OpenStack Support


#1

All,

Thank you very much for your hard work!! AFAIK, this is the first Open Source CMP! I would love to contribute code to assist with data collection against OpenStack environments (distro, architecture, installed packages, etc.) This would really help with OpenStack adoption in the enterprise space, where IT governance can be strict. However, I only see three possible ways to get the same level of data you are retrieving from other environments:

  1. Utilize an application on the hypervisors which periodically executes guestfish/libguestfs queries against each /var/lib/nova/{instace-id}/disk, and alerts ManageIQ over AMQP (and/or has a REST API for gathering data on demand.)

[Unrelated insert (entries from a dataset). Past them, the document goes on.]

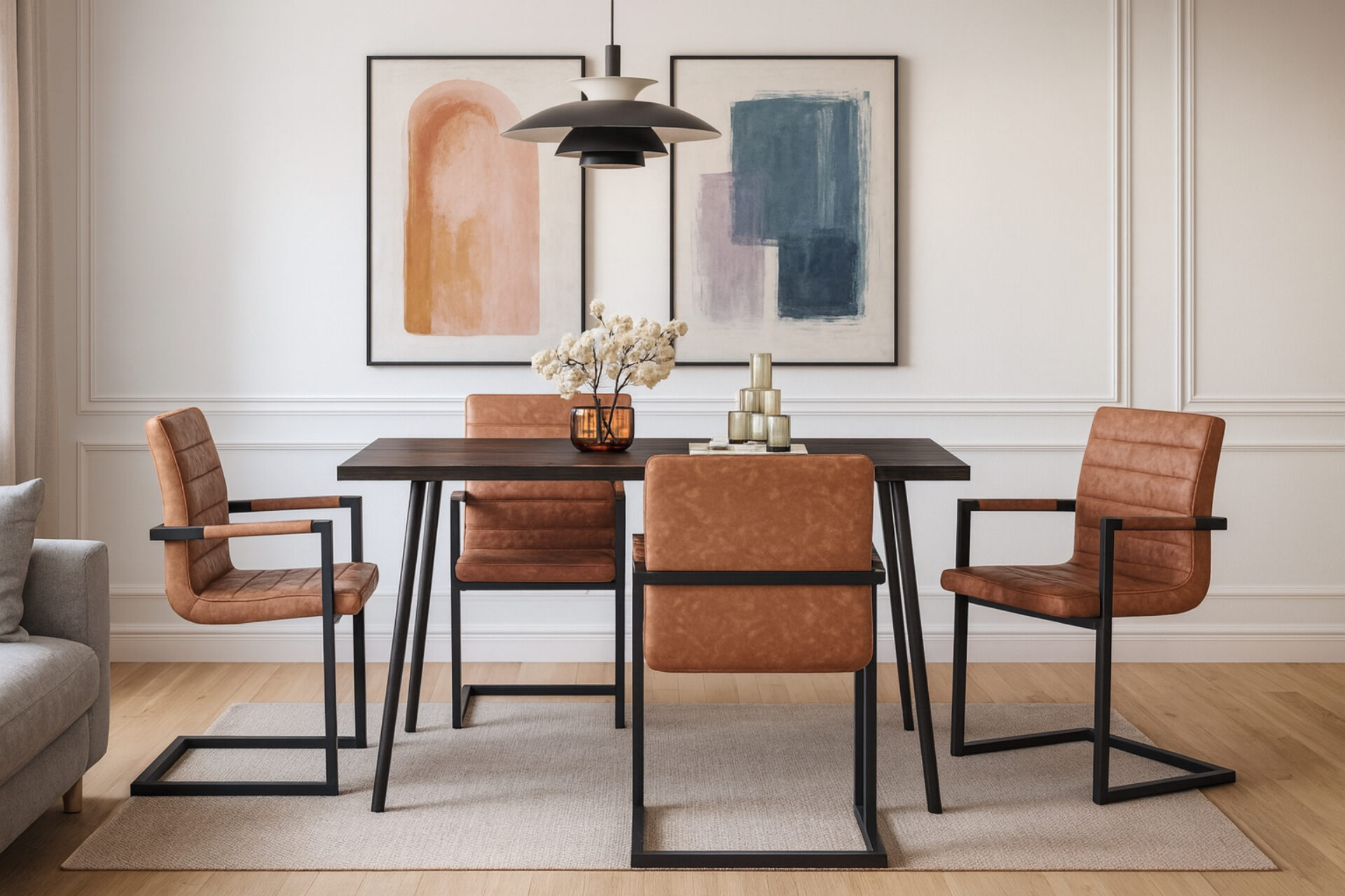 The Packard Brown dining chair features rich vegan leather and a strong steel frame, balancing timeless charm with everyday comfort. Its earthy brown tone adds warmth and versatility, grounding dining rooms, offices, or balconies in cozy style.
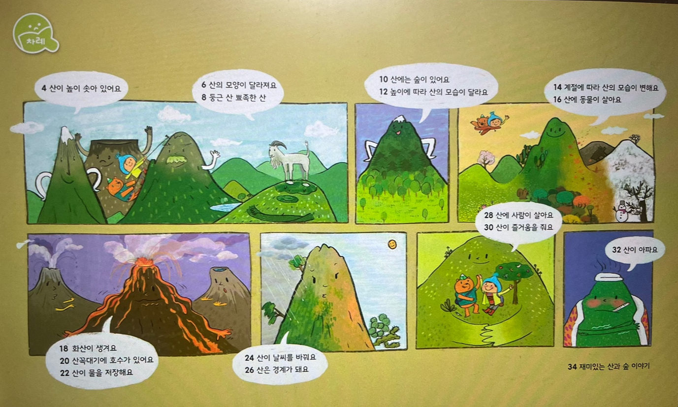 높고 깊은 산과 숲은 '웅진 호기심 백과 큐' 전집 중 한 권입니다. 유아들이 보는 백과라 쉽지만 어쨌든 백과이기 때문에 차례가 주제 별로 나눠져 있습니다.
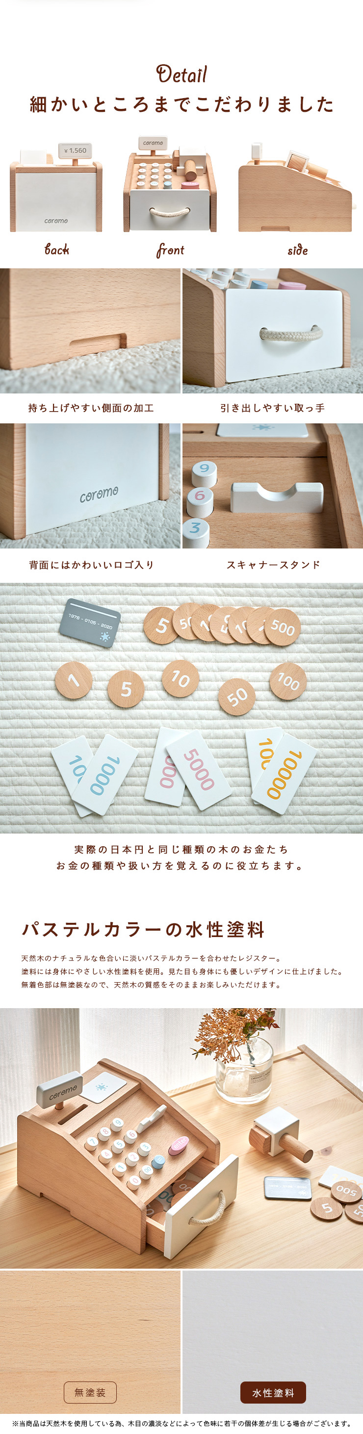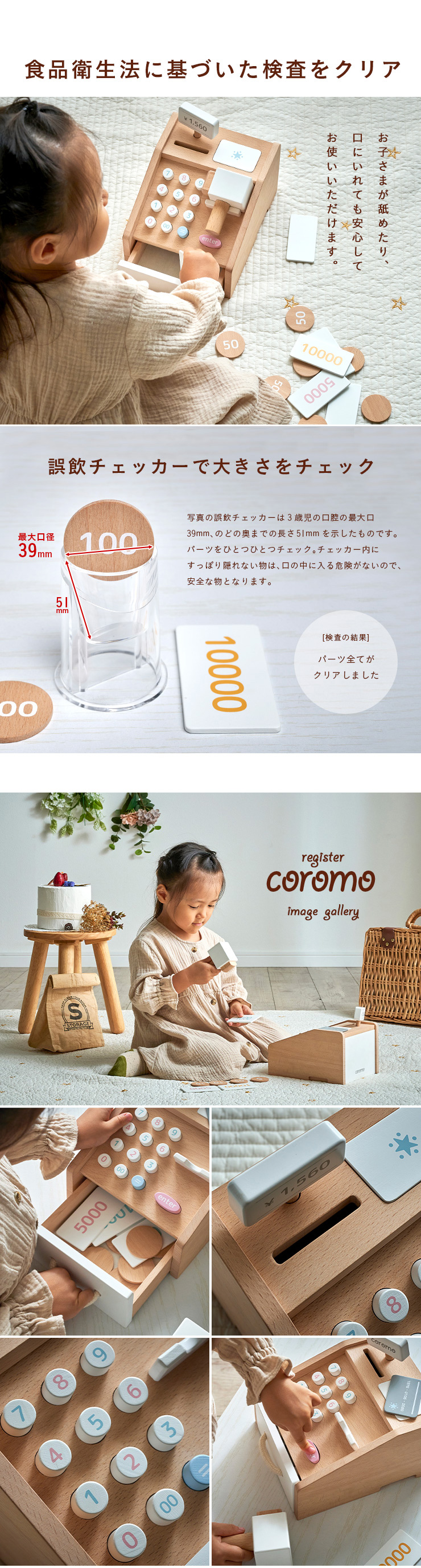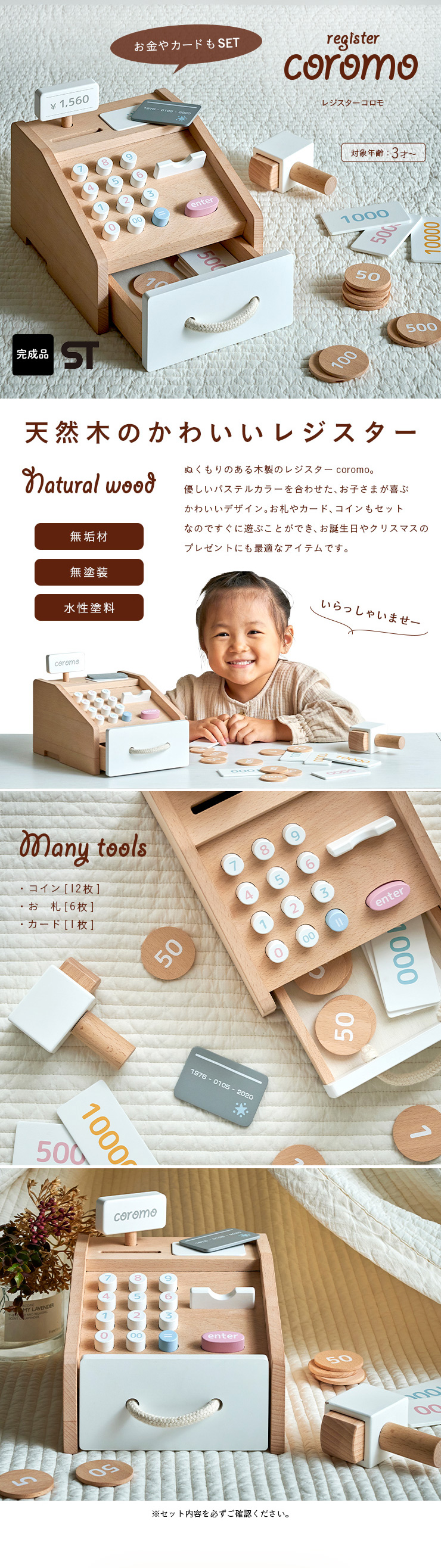 ラッピングセットプレゼント中 ままごと おままごと レジ お金 お札 コイン カード お店やさん かわいい お店屋さん ごっこ遊び 木製 レジスター coromo(コロモ)

  2. Install an application on each instance (opening the door to collection of data from OpenStack public cloud environments), and have it report back to ManageIQ.

  3. Try to submit a new upstream OpenStack project just for gathering this info.

As this represents a serious architectural decision, I would like to know from the core developers which path (or none of them!) is best to pursue for adding good reporting capability to ManageIQ on OpenStack.

Greg


#2

Hey there,

First off, thanks for your interest! We’re really excited to get this out in the open.

Let me lay out the ways in which we gather information from providers, and what we’re currently doing with OpenStack. Then, we can talk more about what areas we’re lacking or what needs more help.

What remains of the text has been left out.